O SHOW DE TRUMAN

Co-autoria com C. Guillermo Bigliani

O tão elogiado O SHOW DE TRUMAN, O SHOW DA VIDA (THE TRUMAN SHOW), filme de Peter Weir (autor de grandes filmes como O ANO EM QUE VIVEMOS EM PERIGO, A TESTEMUNHA e SOCIEDADE DOS POETAS MORTOS) é uma parábola, uma metáfora que comporta várias leituras.

O Show de Truman

A mais imediata delas é a ligada ao poder da mídia eletrônica, especialmente a televisão, que assusta tanto a tantos. Arnaldo Jabor recentemente, relativizando tal temor, lembrou uma das grandes preocupações dos anos 60/70, quando se dizia que a Rede Globo iria controlar ideologicamente o país. Hoje em dia, esta ameaça já não afligiria ninguém. A Globo, apesar de manter sua hegemonia, lutaria para manter-se como a preferida dos miseráveis, disputando ferrenhamente os telespectadores com Ratinhos e Leões, ao mesmo tempo em que sua audiência de elite se volta para a TV a cabo. O mesmo ocorreria nos Estados Unidos, onde as grandes redes perderam a hegemonia, totalmente esfaceladas pela TV a cabo, que – por sua vez – se estilhaça em dezenas de canais.

Muito bem, se não corremos o perigo de UMA única rede nos dominar, persiste um perigo ainda maior, a hidra de mil cabeças, dos muitos canais a nossa disposição, ou que dispõem de nós, diria TRUMAN, o filme de Weir.

O roteiro do filme mostra como a vida de Truman foi transformada numa novela que está no ar desde o momento de seu nascimento e que é vista mundialmente. Truman ignora que sua vida é uma ficção planejada minuciosamente pelos criadores do programa, representados por Christof.

Uma tese sustentada pelo filme seria como a televisão invade inteiramente a subjetividade, confunde público e privado, aprisiona os sujeitos numa vida alienada, ditada pelos valores dos mercado, onde a felicidade está equacionada à posse de bens de consumo e a própria identidade pessoal se esfuma frente às identidades por ela fornecidadas, especialmente aquelas veiculadas pela publicidade, que forjam imagens de masculinidade ou feminilidade, de sucesso e triunfo, sempre caudatárias do consumo.

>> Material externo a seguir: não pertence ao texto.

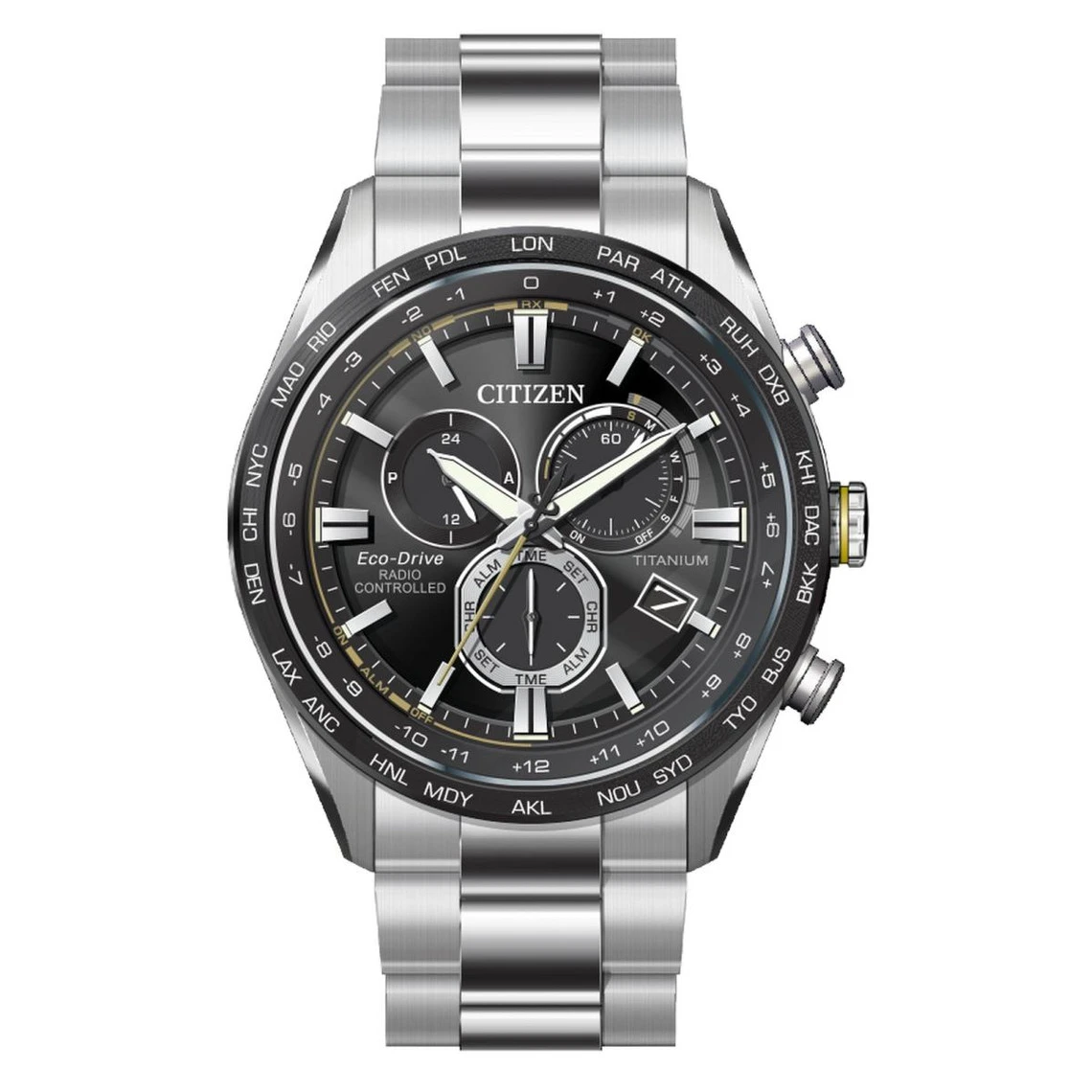 - Fonctionnalités: Dateur, Chronographe, Radio-pilotée, Conduite économique, Calendrier perpétuel, Horaire international, Indicateur de réserve de marche
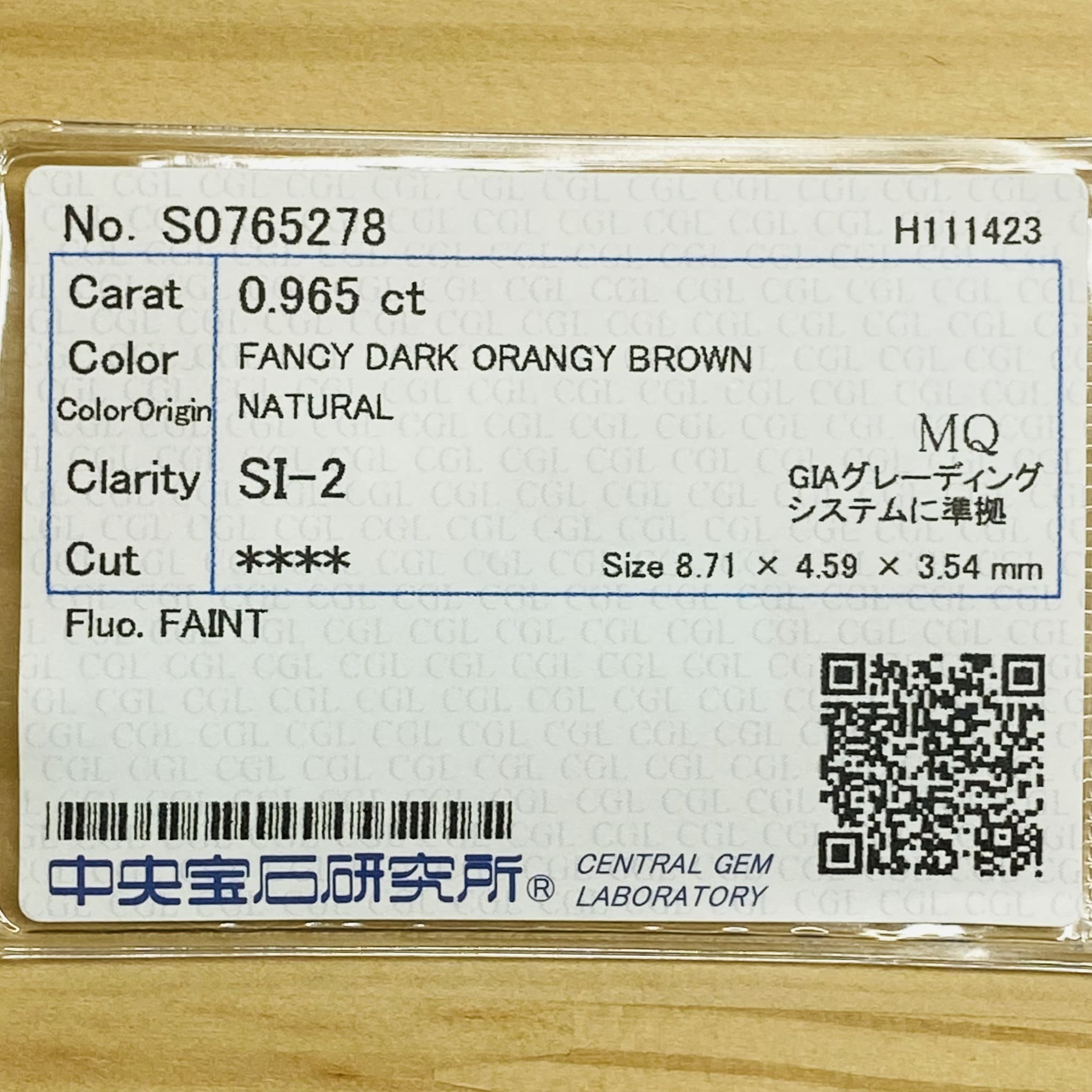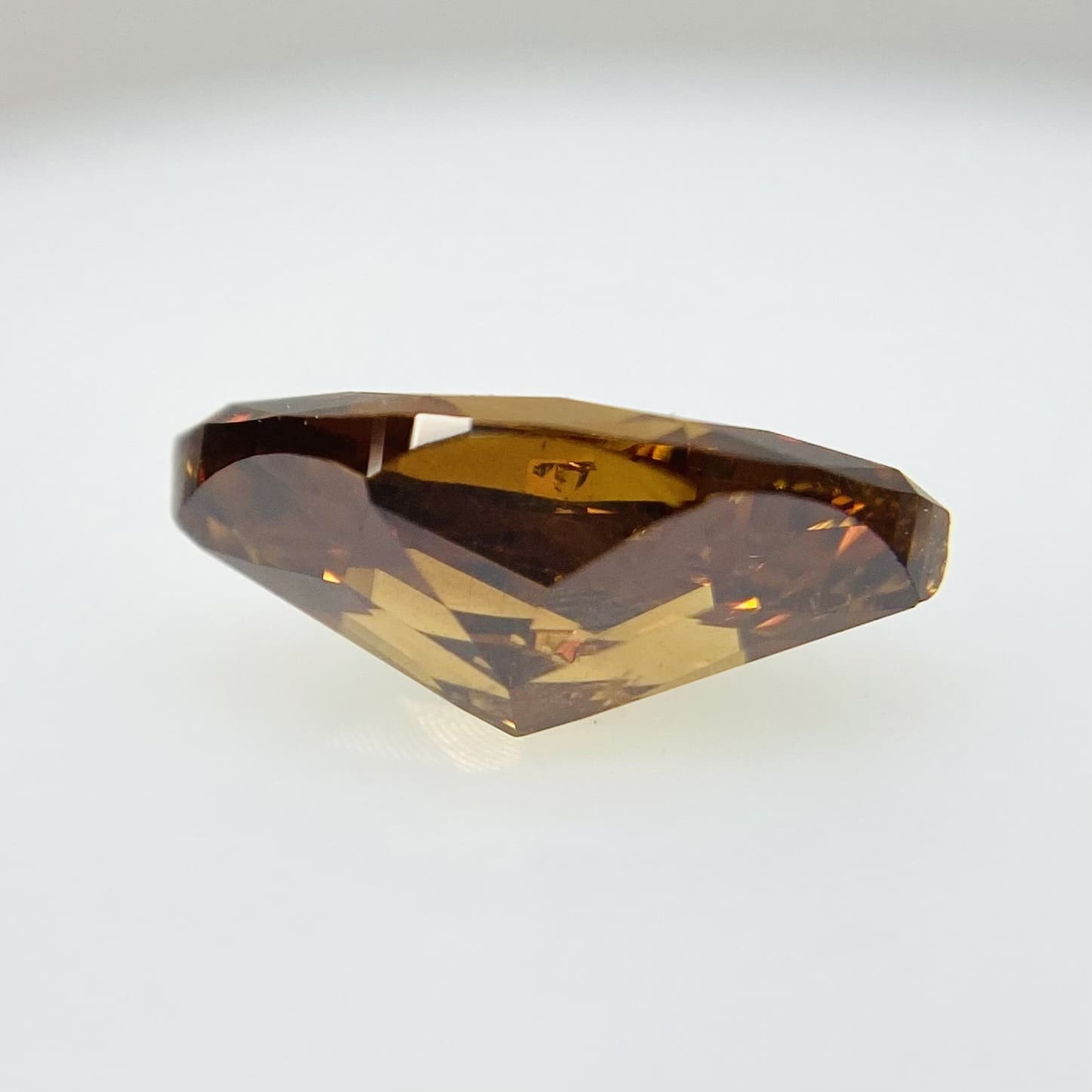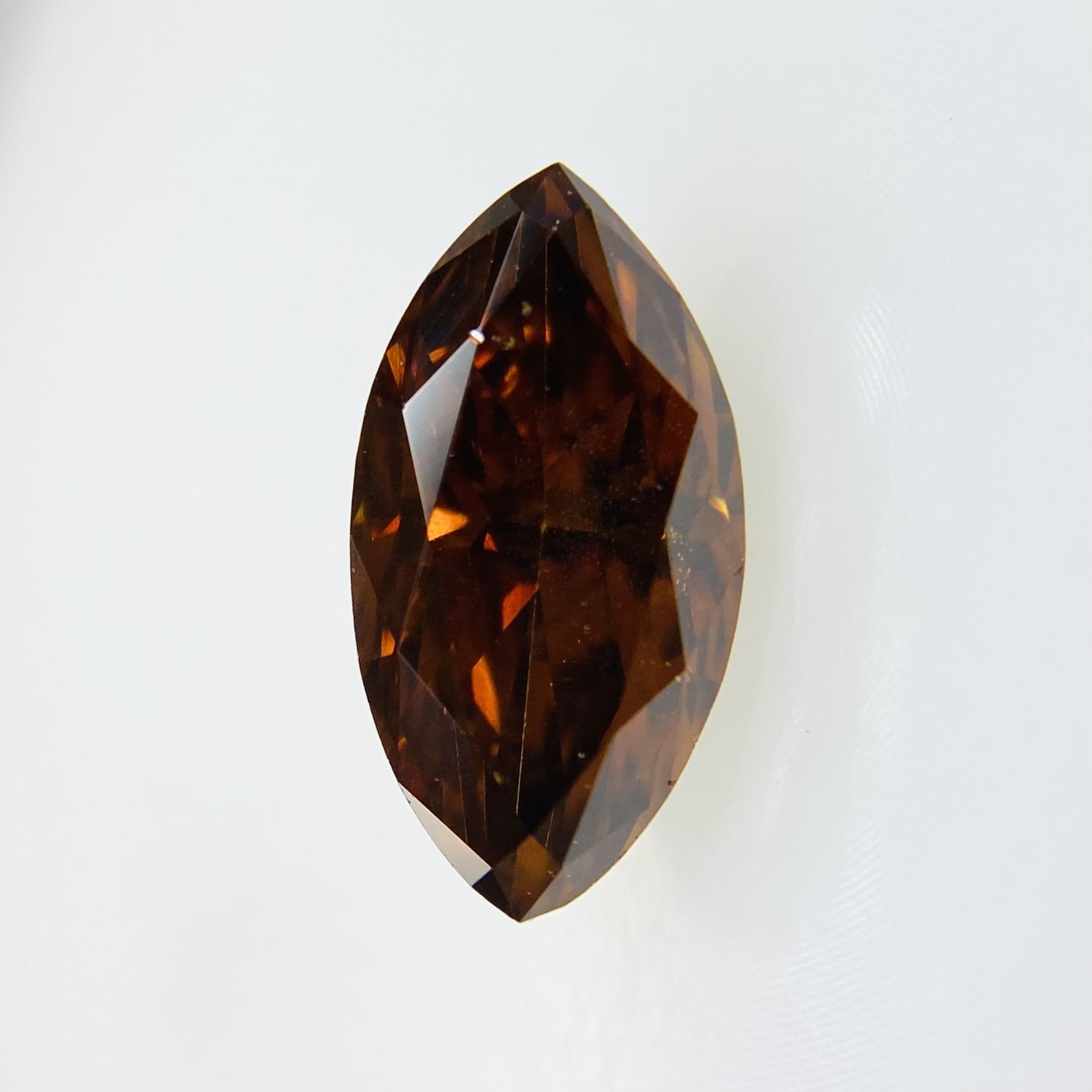 FANCY DARK ORANGY BROWNはイエローとオレンジが混ざったオレンジ色で太陽や炎のような陽気であたたかいそして、力強いオレンジです。終わりはブラウンですが、見た目は深みのあるオレンジカラーに見えます。テリがあり、深みがあるダイヤモンドです。バランスの良いマーキーズカットです。SIグレードでテーブルクリーンで綺麗な石です。

Não há propriamente uma novidade nesta argumentação repetida à exaustão pelos teóricos dos meios de comunicação de massa. Sem negar a imensa importância que a TV exerce sobre todos o tempo todo, pensamos ter ela um papel menos onipotente do que aquele que habitualmente se lhe atribui. Neste sentido discordamos do de resto excelente trabalho apresentado por Jorge Ahumada (1998) na Sociedade Psicanalítica de São Paulo quando parece creditar ao uso deliberado das cenografias do nazismo e estalinismo veiculados pela TV o poder de engendrar tiranias.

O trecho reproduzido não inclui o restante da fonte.